Subsequent adoption spread through academic labs involved in projects at institutions including Stanford University, Harvard University, Massachusetts Institute of Technology, and international centers such as Max Planck Society and European Molecular Biology Laboratory. Over time, BLAT was compared and contrasted with search systems from National Center for Biotechnology Information and alignment packages developed by teams at Center for Genomic Regulation and commercial vendors. Community forks, ports, and wrappers emerged to support infrastructures at organizations like Ensembl and cloud deployments used by the Genome Reference Consortium.

Purpose and Functionality

BLAT’s core purpose is rapid alignment of query sequences—such as expressed sequence tags, complementary DNAs, mRNAs, or proteins—to large target sequences like chromosomes, contigs, or assembled genomes produced by projects at Joint Genome Institute and sequencing efforts led by Illumina and Pacific Biosciences. It performs both nucleotide-to-nucleotide and translated nucleotide-to-protein searches, enabling mapping of coding sequences from projects at centers like Cold Spring Harbor Laboratory and Salk Institute.

Functionally, BLAT builds an index of non-overlapping k-mers from the target assembly, a strategy employed to reduce query time for users from universities, commercial sequencing groups, and public resources like GenBank. BLAT outputs alignment coordinates, percent identity, and intron/exon structure inference that bioinformaticians at institutions such as Johns Hopkins University and Yale University use to integrate transcript evidence into gene models and annotation portals like those maintained by RefSeq and community annotation efforts.

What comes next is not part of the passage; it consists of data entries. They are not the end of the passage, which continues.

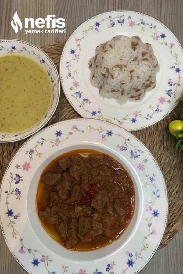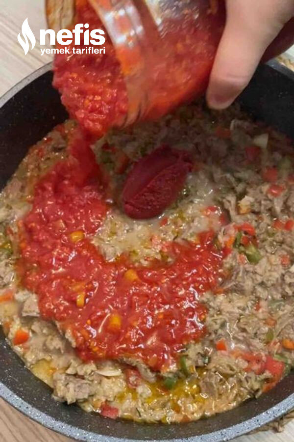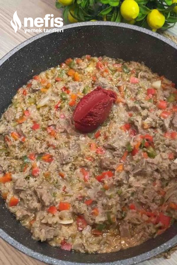 - Etler suyunu salınca domates salçasını ve sıcak suyu ekledim. Kapağını kapatıp suyunu çekene kadar pişirdim.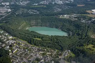 Die Grube misst[2] in der West-Ost-Ausdehnung rund 840 Meter und in der Nord-Süd-Ausdehnung rund 690 Meter (gemeint ist hier der Bereich, der für die Öffentlichkeit abgesperrt ist). Betrieben wird die Grube von der Rheinkalk GmbH Werk Dornap (mit Unternehmenssitz in Wülfrath), der eigentliche Abbau ist aber eingestellt und die Grube wird als Klärteich für die benachbarte Grube genutzt. Der Wasserspiegel liegt rund 40 Meter unter dem Bodenniveau der Umgebung (bezogen auf Wieden, das rund 190 Meter über Null liegt).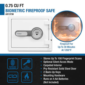 To protect your items from theft, the Barska AX13738 Biometric Fireproof Safe White has two solid steel long locking bar bolts that prevent someone from trying to pry open the door. The safe can be bolted down using the pre-drilled mounting holes. This is highly recommended. The outside uses a biometric lock that can store up to 100 users. This means you can program multiple fingerprints and even store those of a trusted relative or friend. The lock operates on 4 AA batteries, which are not included.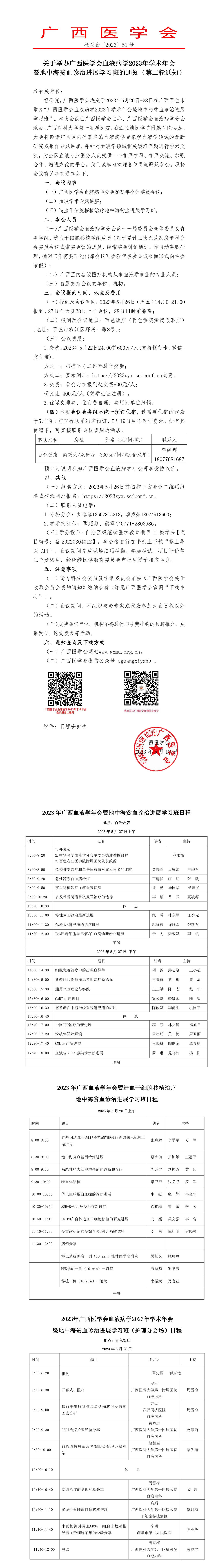 关于举办广西医学会血液病学2023年学术年会暨地中海贫血诊治进展学习班的通知(第二轮通知)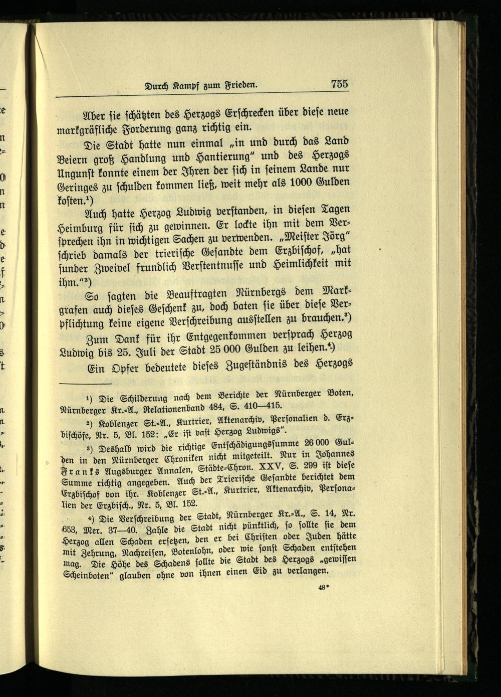 3) Deshalb wird die richtige Entſchädigungsſumme 26 000 Gulden in den Nürnberger Chroniken nicht mitgeteilt. Nur in Johannes Franks Augsburger Annalen, Städte⸗Chron. XXV, S. 299 iſt dieſe Summe richtig angegeben. Auch der Trieriſche Geſandte berichtet dem Erzbiſchof von ihr. Koblenzer St.⸗A., Kurtrier, Aktenarchiv, Perſonalien der Erzbiſch., Nr. 5, Bl. 152.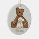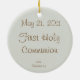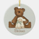 Premier ornement de souvenir de sainte communion avec l'ours et l'agneau de nounours sur l'arrière - plan vert doux.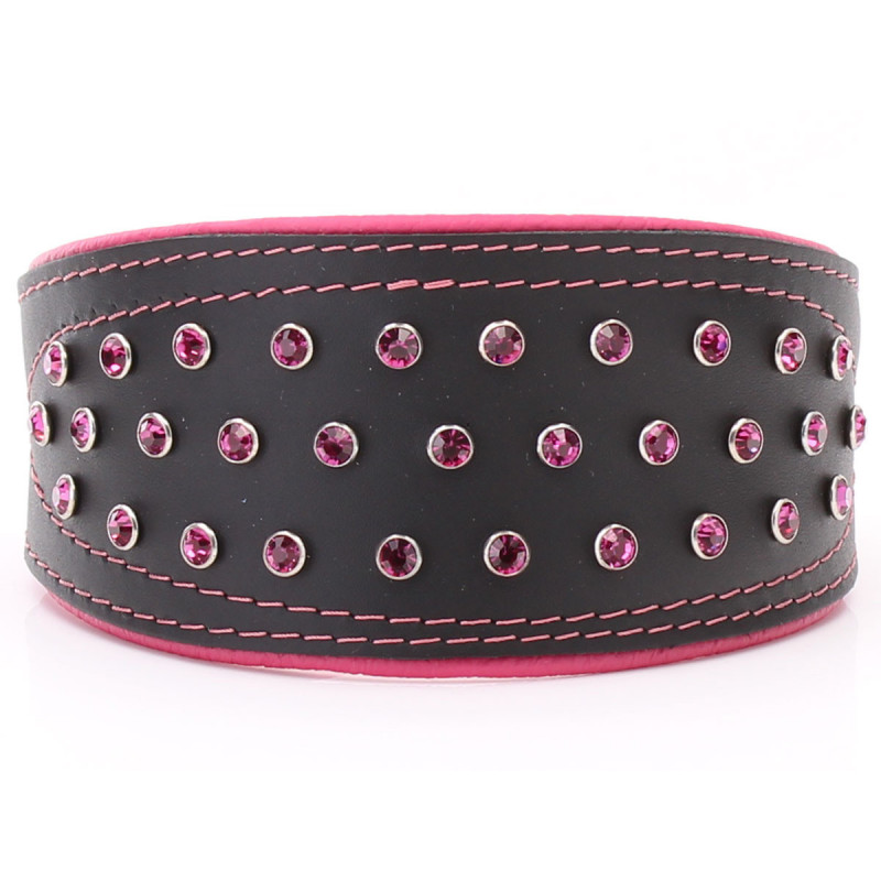 Ce collier de chien de chasse luxueux est décoré de cristaux Swarovski et est conçu pour le confort. La fermeture étroite s'adapte facilement sous le menton et le collier s'élargit à l'arrière du cou pour s'asseoir sans provoquer de frottement. Le rembourrage arrière en cuir souple signifie que vous n'aurez pas de lignes qui font mal dans leur fourrure et le devant en cuir véritable est à la fois durable et élégant.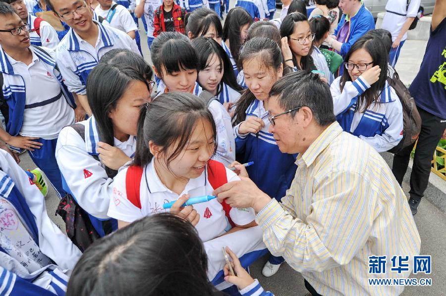 6月5日,长春市十一高中校长朱杰在学生校服上写下鼓励的话语。当日距2015年高考还有两天,吉林省长春市十一高中为学生们举行毕业典礼。毕业典礼上,高一、高二的学生和全校老师为即将毕业参加高考的学生们加油鼓劲,祝愿他们考出好成绩。新华社记者 张楠 摄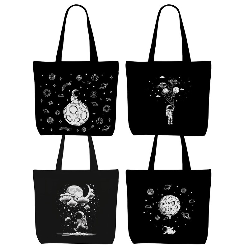 Decohim 4 PCS Cute Astronaut Moon Canvas Tote Bag Canvas Bag with Pocket for Shopping Work Gym Astronomy Gifts Large Reusable Grocery Bags Space Gifts for Women Friend Girls Sister Birthday Christmas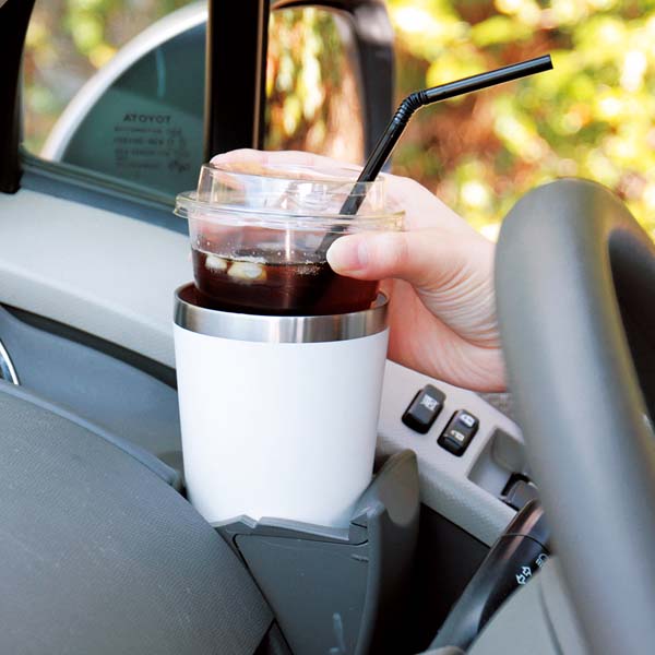 保温・保冷性に優れた真空二重構造のカップインタンブラー。コンビニのコーヒーをカップごと入れておけば美味しい温度が長続き。車のドリンクホルダーにも入り、水滴が垂れないので快適に使えます。
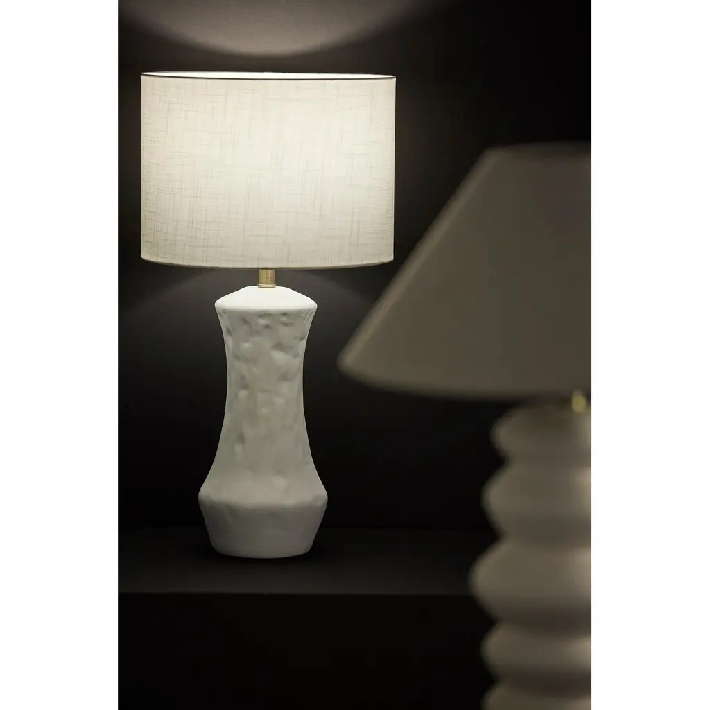 Introducing the 1638-02 Marissa Table Lamp, a timeless and elegant lighting solution that adds a touch of sophistication to any room. This table lamp features a sleek matte white ceramic base that exudes modern simplicity, perfectly complemented by a crisp white fabric shade. Standing at a height of 26 inches, the Marissa Table Lamp is a versatile and stylish addition to your home decor. Designed for ease of use, this table lamp comes with a convenient on/off rotary socket switch, allowing you to control the illumination with a simple twist. With its clean lines and classic design, the Marissa Table Lamp effortlessly combines form and function to elevate your living space. Timeless Elegance: The 1638-02 Marissa Table Lamp boasts a sleek matte white ceramic base and a crisp white fabric shade, creating a timeless and sophisticated look for your home. Versatile Height: Standing at 26 inches tall, this table lamp is suitable for various settings, from bedside tables to living room accents. Effortless Control: The lamp features an on/off rotary socket switch for easy and convenient control over the illumination. Clean and Modern Design: With its matte white ceramic base and white fabric shade, the Marissa Table Lamp brings a modern and minimalist aesthetic to your decor. Functional Simplicity: Elevate your living space with this elegant table lamp, where simplicity meets functionality to enhance the ambiance of your home.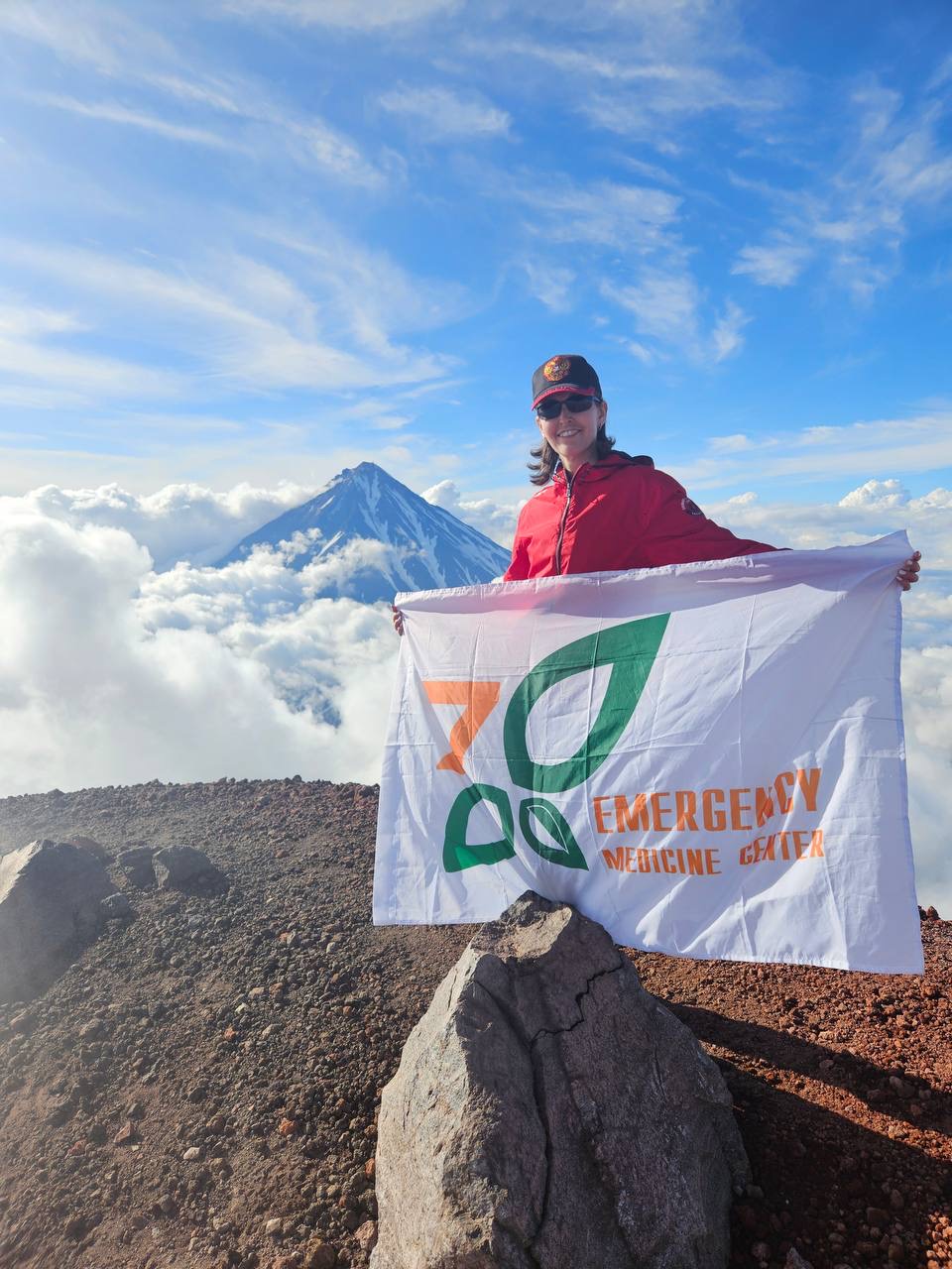 Буквально на прошлой неделе флаг ГКБ№7 совершил удивительное путешествие на Камчатку. Несмотря на серию землетрясений (от 2 до 8 баллов), врачу-кардиологу кардиологического отделения №3, Марие Александровне Собановой удалось покорить действующие вулканы Авачинский (2741 м) и Горелый (1829 м).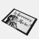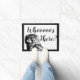 Owl doormat in black and white with the phrase "Whooooo's There?" in black script.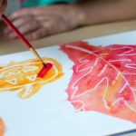 Here’s how to set it up: use a white crayon to draw pictures or write letters all over the paper. You can draw squiggles, patterns, shapes etc. It is all about the magic in the reveal. Then, hand over the paper to your child and let the letter/picture hunt begin.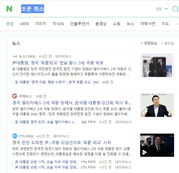 주요 선진국 정상들이 모두 참석한 영국 엘리자베스 여왕의 조문에 우리나라 윤석열 대통령과 김건희 여사가 도착 당일 조문 취소를 결정한 지금 상황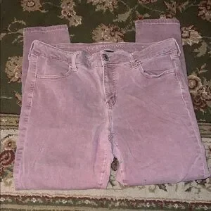 Soft lavender jeans with a flattering straight-leg fit. Comfortable stretch fabric and classic five-pocket styling. Versatile lavender color that pairs well with neutrals and pastels.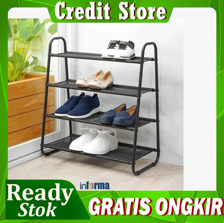 CREDIT STORE Informa Benneth Rak Sepatu 4 Tingkat - Hitam Shoe Rack Organizer Sandal Sepatu Kabinet Alas Kaki Tempat Pen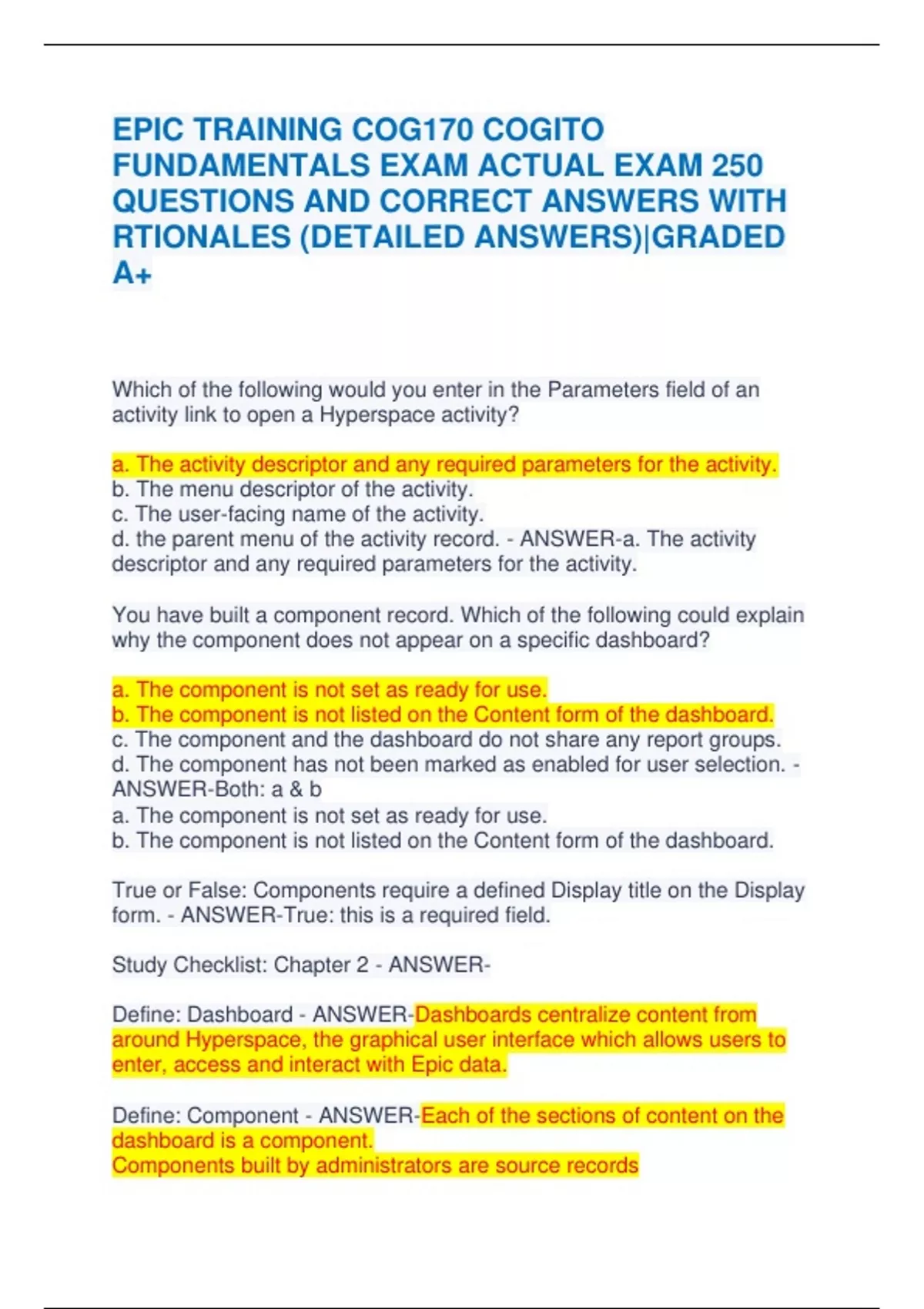 EPIC TRAINING COG170 COGITO FUNDAMENTALS EXAM ACTUAL EXAM 250 QUESTIONS AND CORRECT ANSWERS WITH RTIONALES (DETAILED ANSWERS)|GRADED A+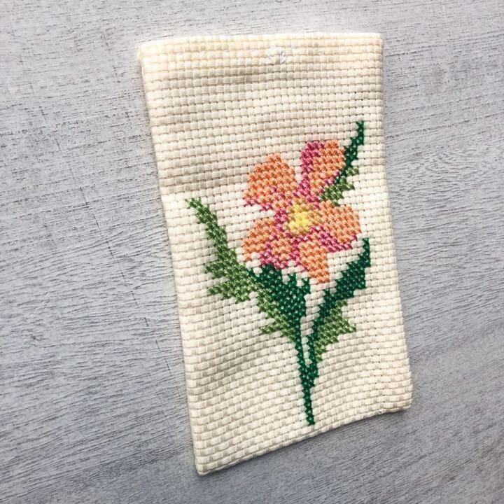 ぷっくりと膨らんだ立体的なクロスステッチ刺繍。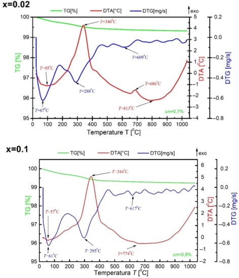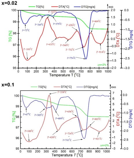 A set of thermal analysis methods (DTA, TG, DTG) was used to determine the thermal effects occurring in the tested material before synthesis. The measurement was performed in a range from room temperature to T = 1050 °C at the sample heating rate of υ = 10 °C/min. For all ceramic materials doped with praseodymium, the nature of the obtained DTA, DTG and TG curves is similar (as evidenced by Figure 1—for x = 0.02 and x = 0.1), the relationships of DTA, DTG and TG for the ceramic material modified with praseodymium ions are discussed for x = 0.02.

Algorithm and Implementation

BLAT’s algorithm constructs a hash table of k-mer positions from the target sequence, trading memory for speed to rapidly find candidate alignment seeds, a tactic conceptually related to seeding approaches used in tools developed at European Bioinformatics Institute and academic groups at University of California, Berkeley. For protein searches, BLAT translates nucleotide queries across reading frames and matches against an indexed peptide representation similar in spirit to ideas from alignment research at University of Washington.

Implementation is primarily in C, compiled for Unix and Microsoft Windows environments, and optimized for single-server interactive use in genome browsers like the one at UCSC Genome Browser. The program includes utilities to create two types of databases—one for genomes and another for protein databases—enabling integration with pipelines run on clusters managed by projects at Argonne National Laboratory or cloud infrastructures used by the European Open Science Cloud. The output format supports downstream parsing and visualization by tools developed at institutions such as Broad Institute and community resources like Galaxy Project.

Usage and Applications

BLAT is widely used for tasks including mapping mRNA sequences in transcriptome projects at Allen Institute for Brain Science and aligning expressed sequence tags generated in consortia like 1000 Genomes Project. It assists in identifying exon–intron boundaries for gene model refinement in annotation projects by teams at GENCODE and supports validation of assemblies produced by technologies from Oxford Nanopore Technologies and Pacific Biosciences.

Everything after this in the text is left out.